When a layer 5 service request such as that illustrated in Figure 29 is received 
by the policy engine 40, the fields 244 and 246 are examined to determine if a valid 
cookie or session identifier is present in field 242. If so, entries in and accesses to the 
history table relating to such requests are made in the manner described using indices 
derived from the cookie or session identifier (whichever is applicable) and the client 
IP address of the packet which spawned the request. 

Referring to Figure 14 A, a flowchart of one implementation of a method of 
making an entry in a history table to indicate allocation of a server to a resource 
request is illustrated. As illustrated, the method begins with step 161, which 
comprises analyzing a packet spawning the resource request to determine if a session 
or cookie identifier is available therefrom. 

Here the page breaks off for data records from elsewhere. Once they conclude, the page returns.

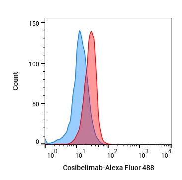 • Flow cytometric analysis of 106 Jurkat cells with Cosibelimab (HY-P99833, red). Cells were fixed with 4% paraformaldehyde. Then stained with the primary antibody at 1/200 dilution for an hour at 4℃. Alexa Fluor® 488-conjugated AffiniPure Goat Anti-Human IgG H&L (HY-P83776) was used as the secondary antibody at 1/1,000 dilution for 30 minutes at 4℃. Human IgG1 lambda1 (HY-P99992, blue) was used as the isotype control.
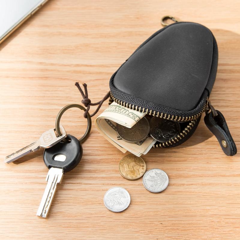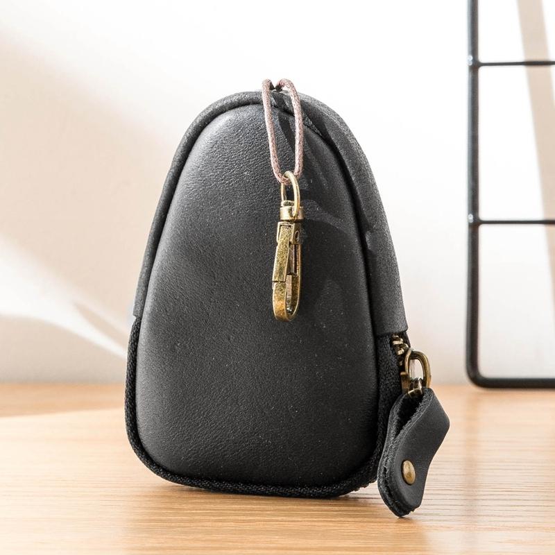 Style: Black Handmade Leather Mens Brown Small Wallets Car Key Wallet Dark Brown Coin Purse For Men
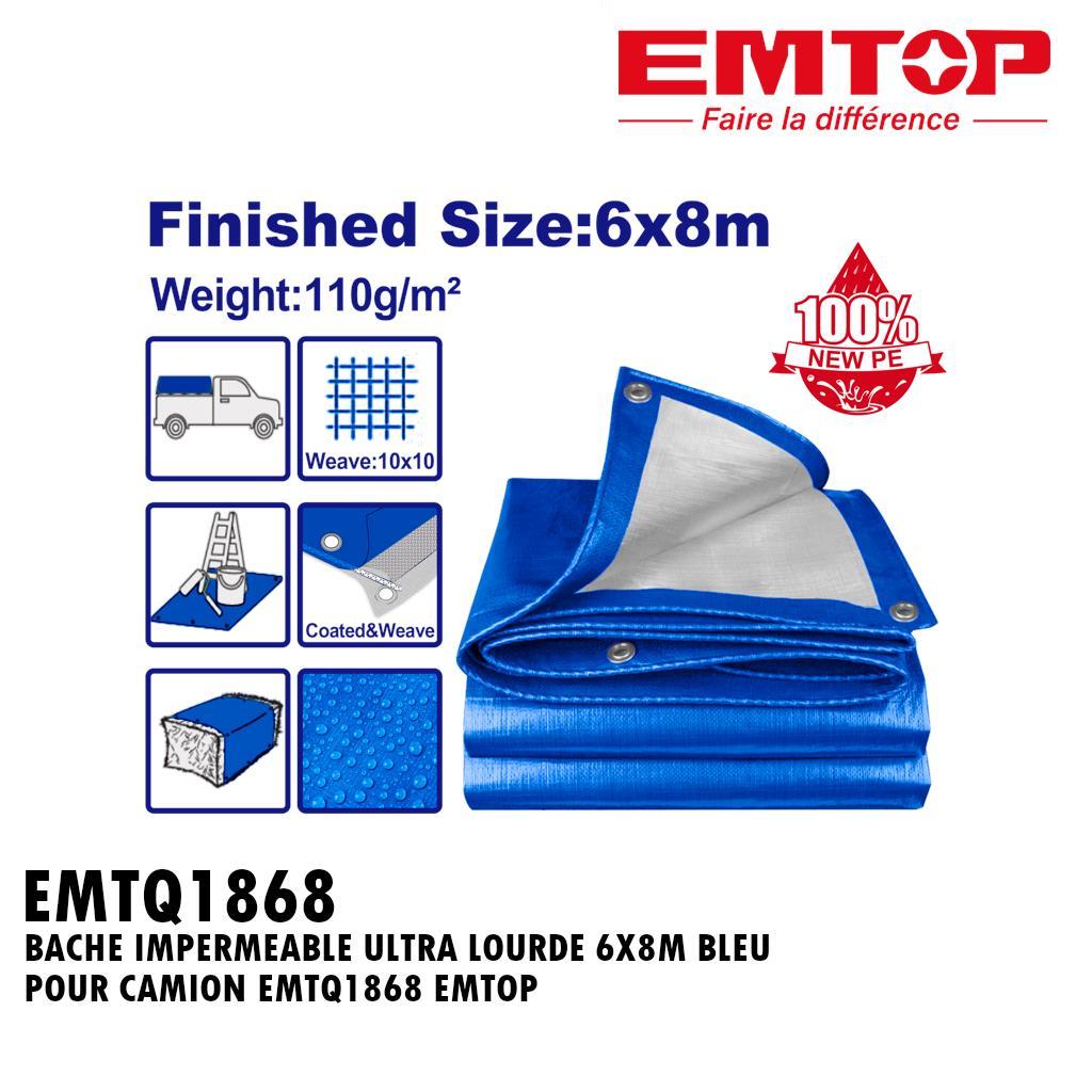 BACHE IMPERMEABLE ULTRA LOURDE 6X8M BLEU POUR CAMION EMTQ1868 EMTOP
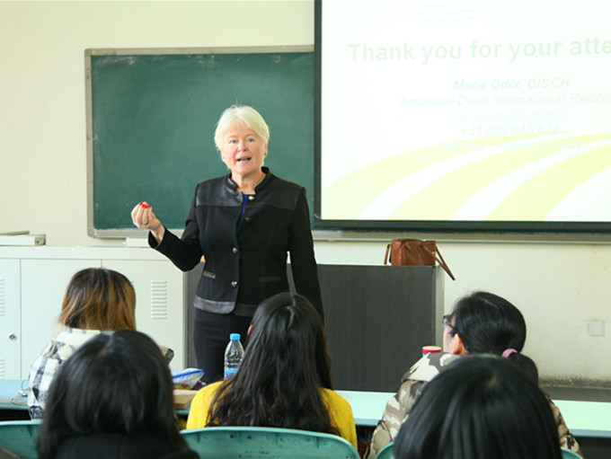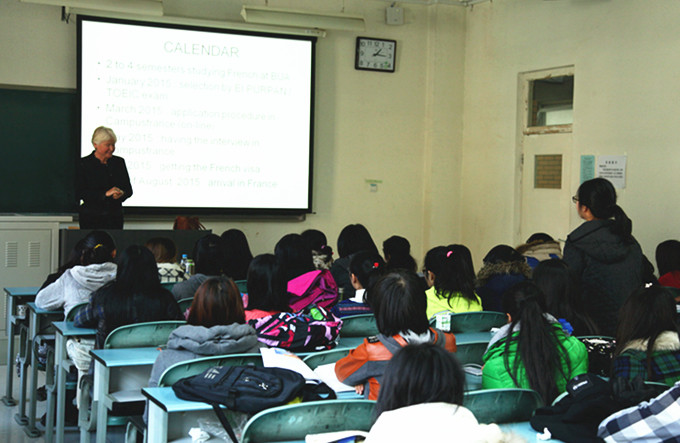 当天下午,Marie-OdileBisch与部分2012、2013级学生进行了亲切交谈,对明年有意向赴法学习的同学进行了简短的面试,详细交流了“3+1”双学位的课程及学习经验,并为在场的同学们介绍了攻读本科后的深造方向。
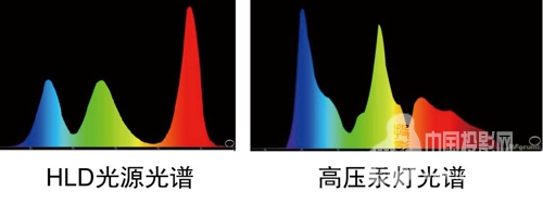 HLD固态光源光谱中红色的高度、蓝色与绿色的宽度都大幅优于传统光源,能够提供较高亮度,又呈现接近自然的高度淳美色彩还原。
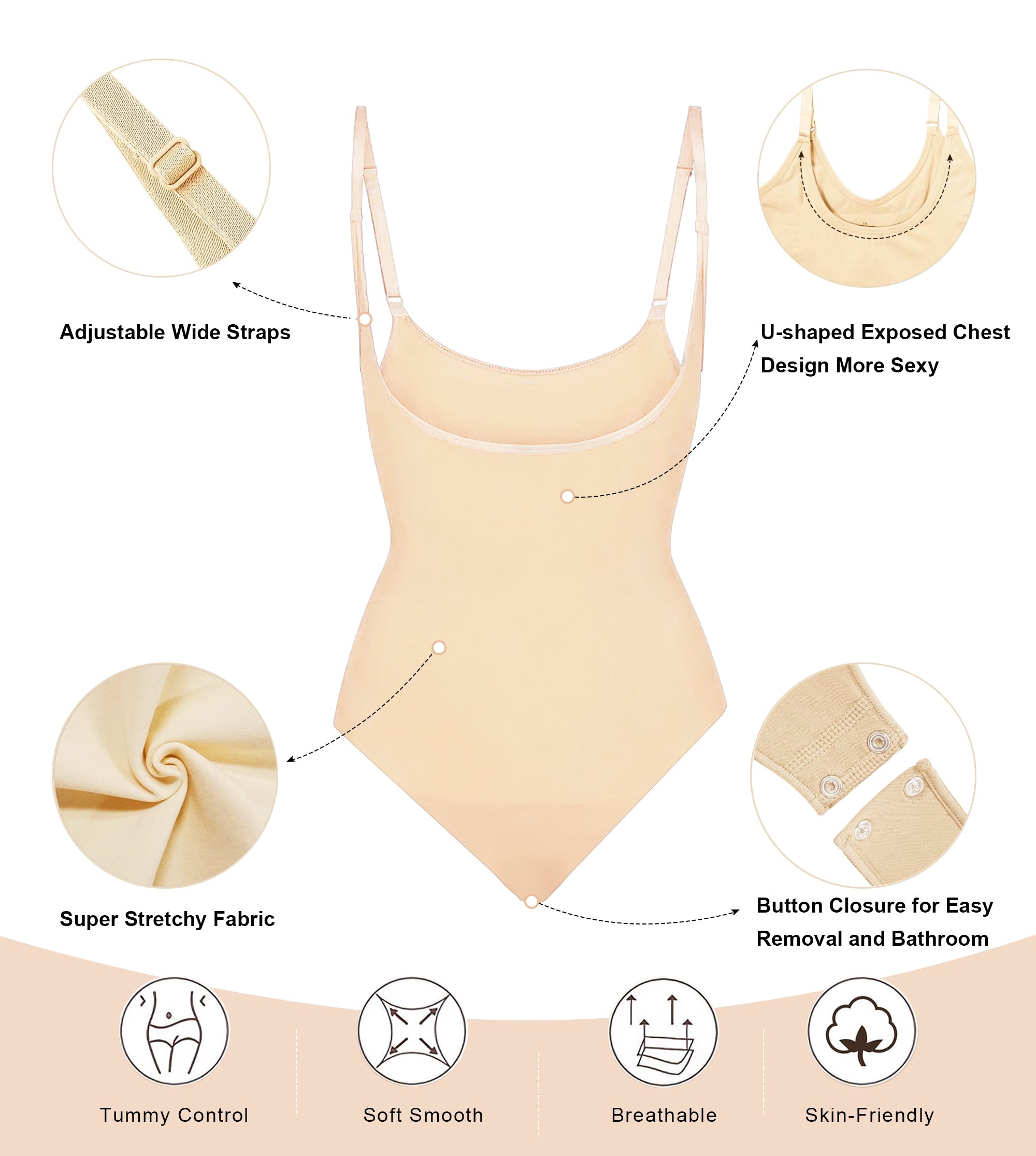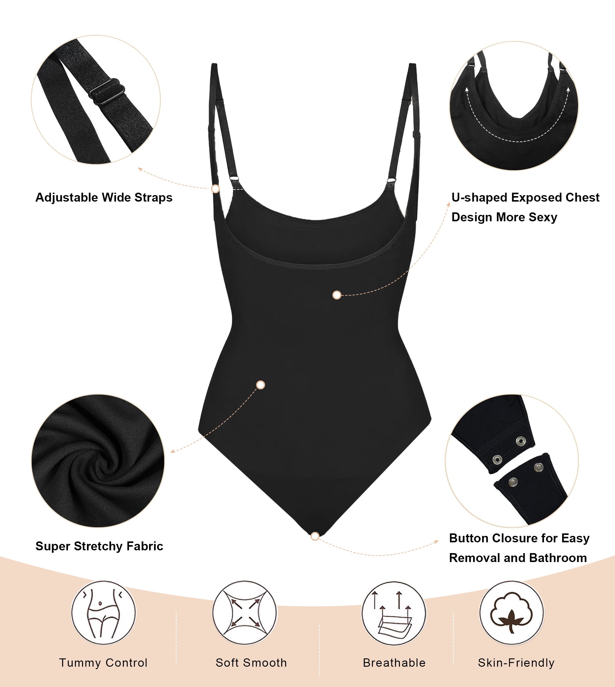 • Comfortable Fit: Made from high-quality fabric, the women's thong bodysuit is lightweight, stretchy, and skin-friendly. With its high-back design, it provides full shaping coverage for a sleek look
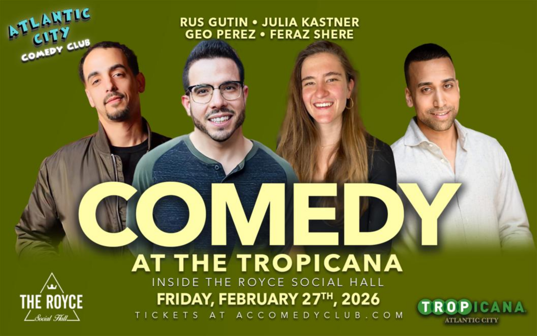 Atlantic City Comedy Club is now located in at the Tropicana inside the Royce Social Hall!

In step 162, a query is made whether a session or cookie identifier is available 
from the packet spawning the resource request through the analysis performed in step 
161. If such an identifier is available, step 163 is performed. If such an identifier is 
not available, step 164 is performed. 

In step 163, an index is derived from the session or cookie identifier 
determined in step 162 to be available from the packet spawning the resource request. 
In one implementation example, the index is derived through application of a hashing 
function to a hash key derived from the session or cookie identifier. After step 163, 
step 165 is performed.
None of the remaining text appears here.